| EXERCISE BRIEF |
Exactly the lines below starting at the line with "WF - ROSSO RED" and ending at the line with "У зверненні академіка" are wanted, with both ends included. Leave out the pictures and add no other lines.

| EXCERPTED RECORDS |
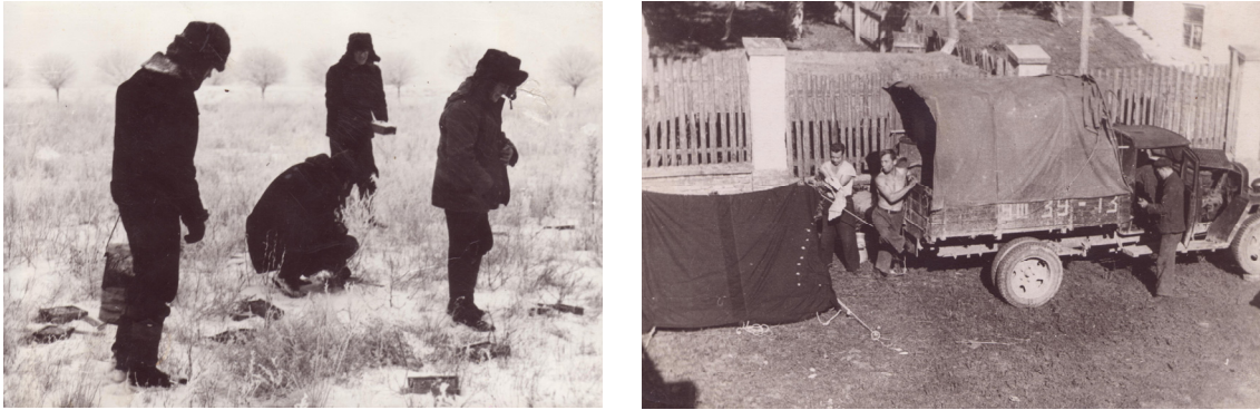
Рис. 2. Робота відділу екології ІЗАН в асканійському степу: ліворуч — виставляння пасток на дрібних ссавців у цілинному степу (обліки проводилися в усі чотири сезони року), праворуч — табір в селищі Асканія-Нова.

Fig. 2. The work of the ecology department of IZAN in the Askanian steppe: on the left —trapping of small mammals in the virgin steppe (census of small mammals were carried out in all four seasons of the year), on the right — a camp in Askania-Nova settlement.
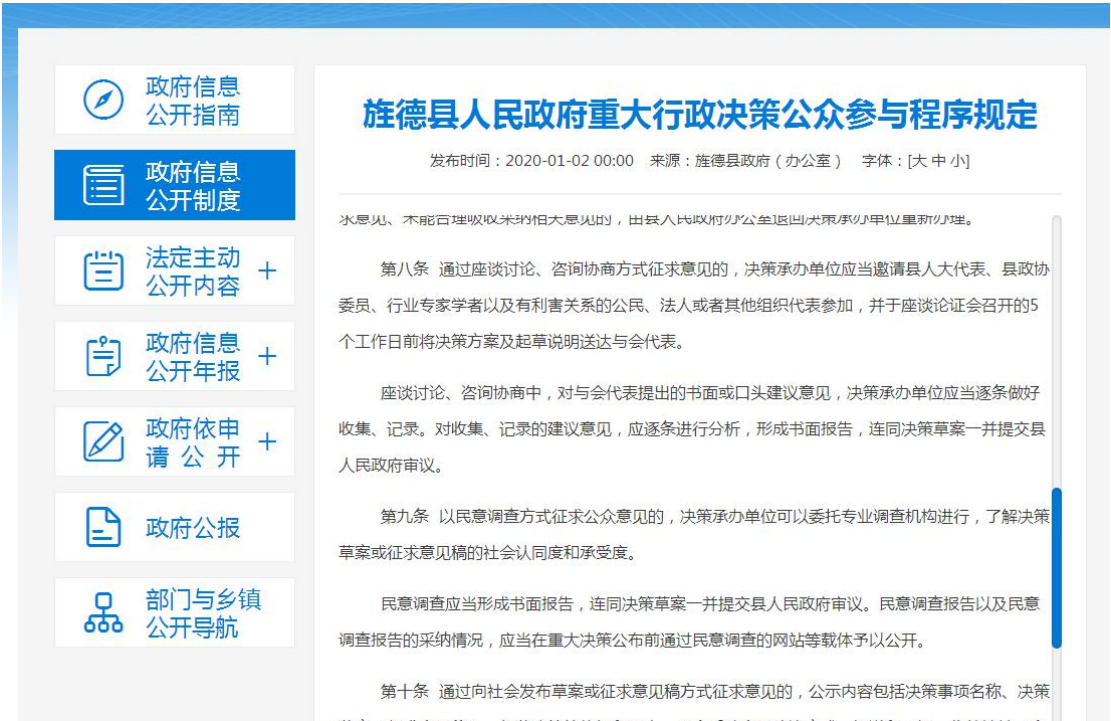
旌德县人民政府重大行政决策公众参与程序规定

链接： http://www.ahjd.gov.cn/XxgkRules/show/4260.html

--

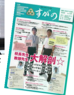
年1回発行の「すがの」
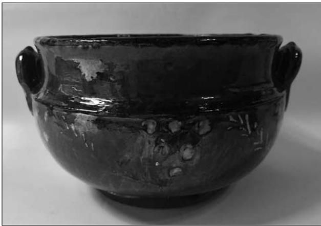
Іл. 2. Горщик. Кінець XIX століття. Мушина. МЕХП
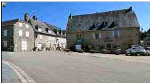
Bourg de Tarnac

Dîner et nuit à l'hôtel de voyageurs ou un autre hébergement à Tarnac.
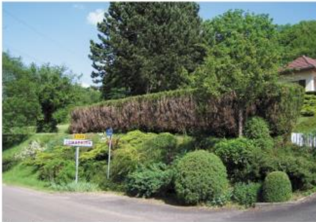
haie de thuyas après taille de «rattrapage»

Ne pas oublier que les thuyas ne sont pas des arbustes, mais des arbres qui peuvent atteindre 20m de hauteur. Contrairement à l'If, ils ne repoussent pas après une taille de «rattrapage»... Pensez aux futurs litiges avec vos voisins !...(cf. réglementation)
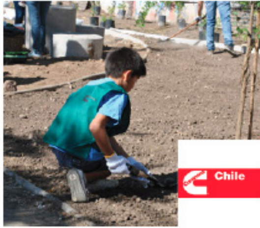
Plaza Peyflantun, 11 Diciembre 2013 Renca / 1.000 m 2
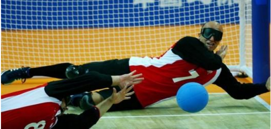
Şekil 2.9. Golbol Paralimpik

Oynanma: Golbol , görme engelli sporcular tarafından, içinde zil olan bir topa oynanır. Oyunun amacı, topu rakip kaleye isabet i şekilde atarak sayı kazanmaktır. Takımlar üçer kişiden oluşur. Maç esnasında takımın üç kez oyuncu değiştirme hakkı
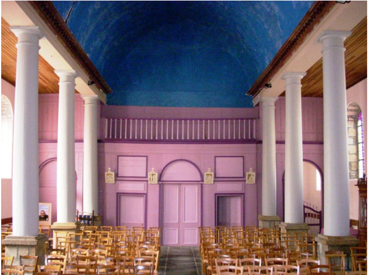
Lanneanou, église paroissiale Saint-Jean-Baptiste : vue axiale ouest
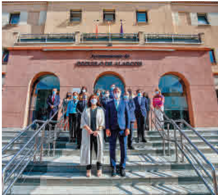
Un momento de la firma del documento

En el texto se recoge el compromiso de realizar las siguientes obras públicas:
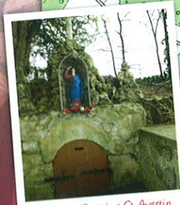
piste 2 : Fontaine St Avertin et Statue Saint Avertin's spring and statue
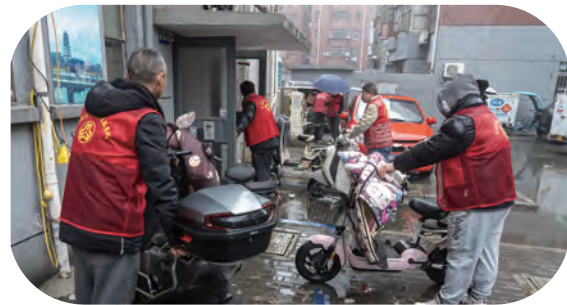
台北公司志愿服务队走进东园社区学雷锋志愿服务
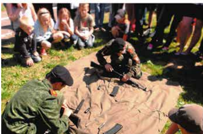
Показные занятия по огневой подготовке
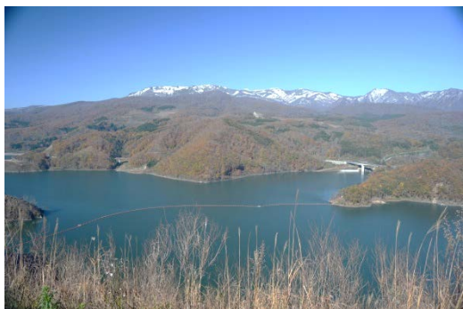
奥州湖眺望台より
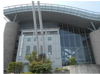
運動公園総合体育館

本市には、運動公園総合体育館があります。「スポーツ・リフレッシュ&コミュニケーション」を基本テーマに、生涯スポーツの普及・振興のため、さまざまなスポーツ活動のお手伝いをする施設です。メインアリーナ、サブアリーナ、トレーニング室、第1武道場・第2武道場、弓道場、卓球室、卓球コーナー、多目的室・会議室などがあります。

...

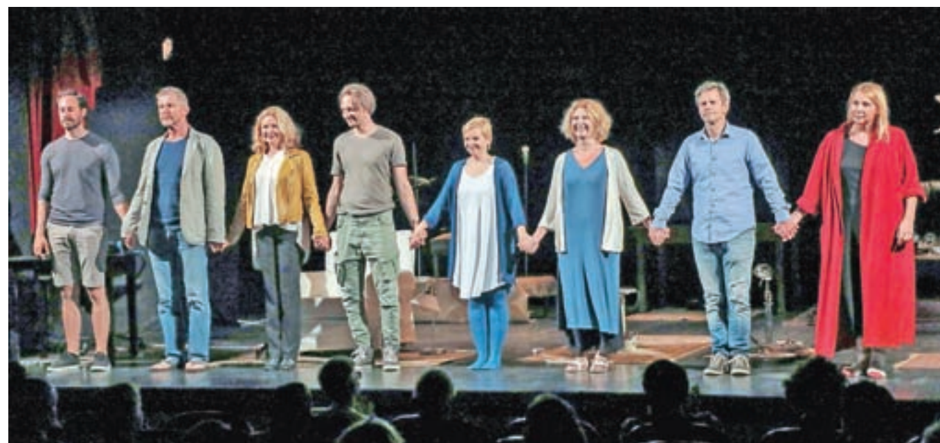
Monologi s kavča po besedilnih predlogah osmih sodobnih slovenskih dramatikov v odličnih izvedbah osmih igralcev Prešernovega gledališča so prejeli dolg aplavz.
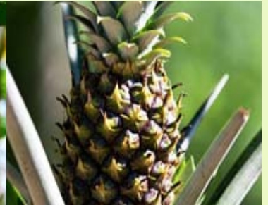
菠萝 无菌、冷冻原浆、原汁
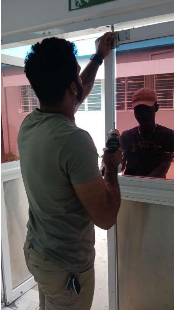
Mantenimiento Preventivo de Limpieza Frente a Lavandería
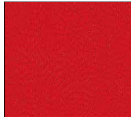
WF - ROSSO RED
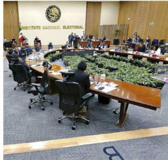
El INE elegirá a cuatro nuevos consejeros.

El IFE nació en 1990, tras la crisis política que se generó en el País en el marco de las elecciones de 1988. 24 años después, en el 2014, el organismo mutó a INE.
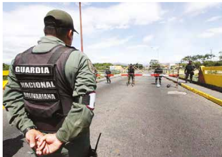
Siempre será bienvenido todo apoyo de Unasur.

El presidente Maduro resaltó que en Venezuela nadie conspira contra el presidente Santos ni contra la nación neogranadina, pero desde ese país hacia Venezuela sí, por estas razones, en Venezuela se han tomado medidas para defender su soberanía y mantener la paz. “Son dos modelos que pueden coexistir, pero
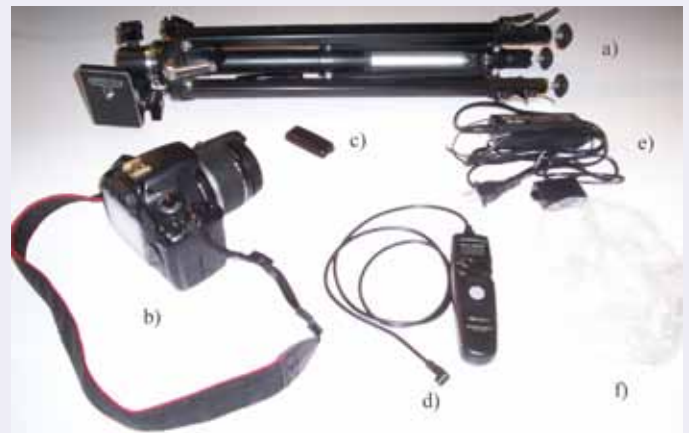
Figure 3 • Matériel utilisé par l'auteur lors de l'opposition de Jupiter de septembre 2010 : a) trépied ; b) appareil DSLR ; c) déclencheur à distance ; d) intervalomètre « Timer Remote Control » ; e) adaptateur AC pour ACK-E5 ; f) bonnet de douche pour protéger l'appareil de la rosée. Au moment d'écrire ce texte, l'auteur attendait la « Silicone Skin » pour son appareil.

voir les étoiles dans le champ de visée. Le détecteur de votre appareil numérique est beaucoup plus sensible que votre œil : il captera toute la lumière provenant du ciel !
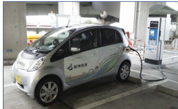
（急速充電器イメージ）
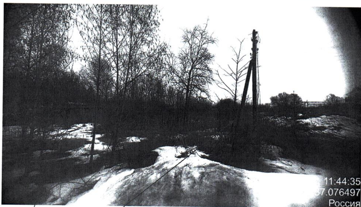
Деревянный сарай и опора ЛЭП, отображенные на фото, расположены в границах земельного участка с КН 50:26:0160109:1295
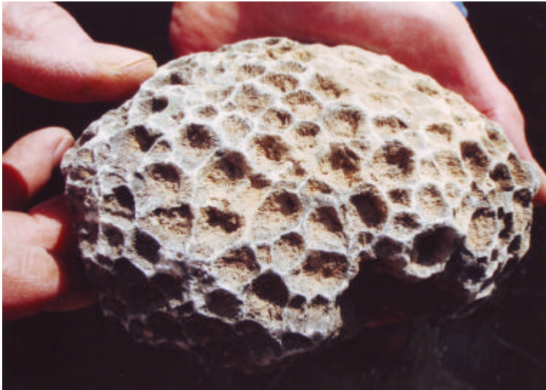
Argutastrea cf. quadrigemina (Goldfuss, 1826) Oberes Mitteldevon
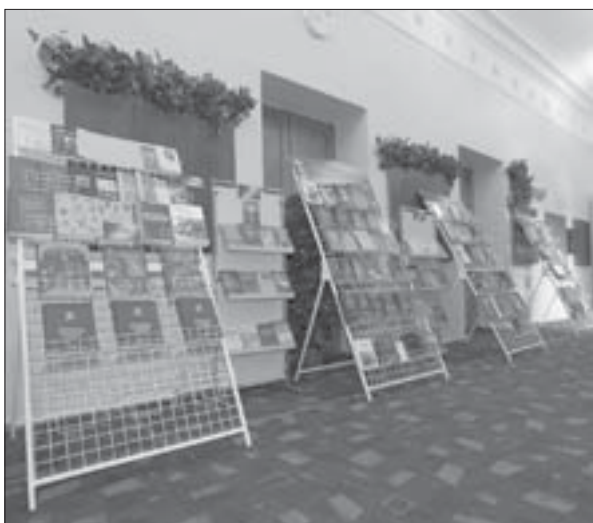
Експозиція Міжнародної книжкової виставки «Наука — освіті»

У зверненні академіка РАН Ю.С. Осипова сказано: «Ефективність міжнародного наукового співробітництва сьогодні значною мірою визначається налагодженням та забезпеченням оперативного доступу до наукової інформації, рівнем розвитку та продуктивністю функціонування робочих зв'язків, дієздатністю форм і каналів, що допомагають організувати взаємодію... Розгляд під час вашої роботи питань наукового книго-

| RESPONSE FOR THIS EXERCISE |
WF - ROSSO RED
El INE elegirá a cuatro nuevos consejeros.

El IFE nació en 1990, tras la crisis política que se generó en el País en el marco de las elecciones de 1988. 24 años después, en el 2014, el organismo mutó a INE.
Siempre será bienvenido todo apoyo de Unasur.

El presidente Maduro resaltó que en Venezuela nadie conspira contra el presidente Santos ni contra la nación neogranadina, pero desde ese país hacia Venezuela sí, por estas razones, en Venezuela se han tomado medidas para defender su soberanía y mantener la paz. “Son dos modelos que pueden coexistir, pero
Figure 3 • Matériel utilisé par l'auteur lors de l'opposition de Jupiter de septembre 2010 : a) trépied ; b) appareil DSLR ; c) déclencheur à distance ; d) intervalomètre « Timer Remote Control » ; e) adaptateur AC pour ACK-E5 ; f) bonnet de douche pour protéger l'appareil de la rosée. Au moment d'écrire ce texte, l'auteur attendait la « Silicone Skin » pour son appareil.

voir les étoiles dans le champ de visée. Le détecteur de votre appareil numérique est beaucoup plus sensible que votre œil : il captera toute la lumière provenant du ciel !
（急速充電器イメージ）
Деревянный сарай и опора ЛЭП, отображенные на фото, расположены в границах земельного участка с КН 50:26:0160109:1295
Argutastrea cf. quadrigemina (Goldfuss, 1826) Oberes Mitteldevon
Експозиція Міжнародної книжкової виставки «Наука — освіті»

У зверненні академіка РАН Ю.С. Осипова сказано: «Ефективність міжнародного наукового співробітництва сьогодні значною мірою визначається налагодженням та забезпеченням оперативного доступу до наукової інформації, рівнем розвитку та продуктивністю функціонування робочих зв'язків, дієздатністю форм і каналів, що допомагають організувати взаємодію... Розгляд під час вашої роботи питань наукового книго-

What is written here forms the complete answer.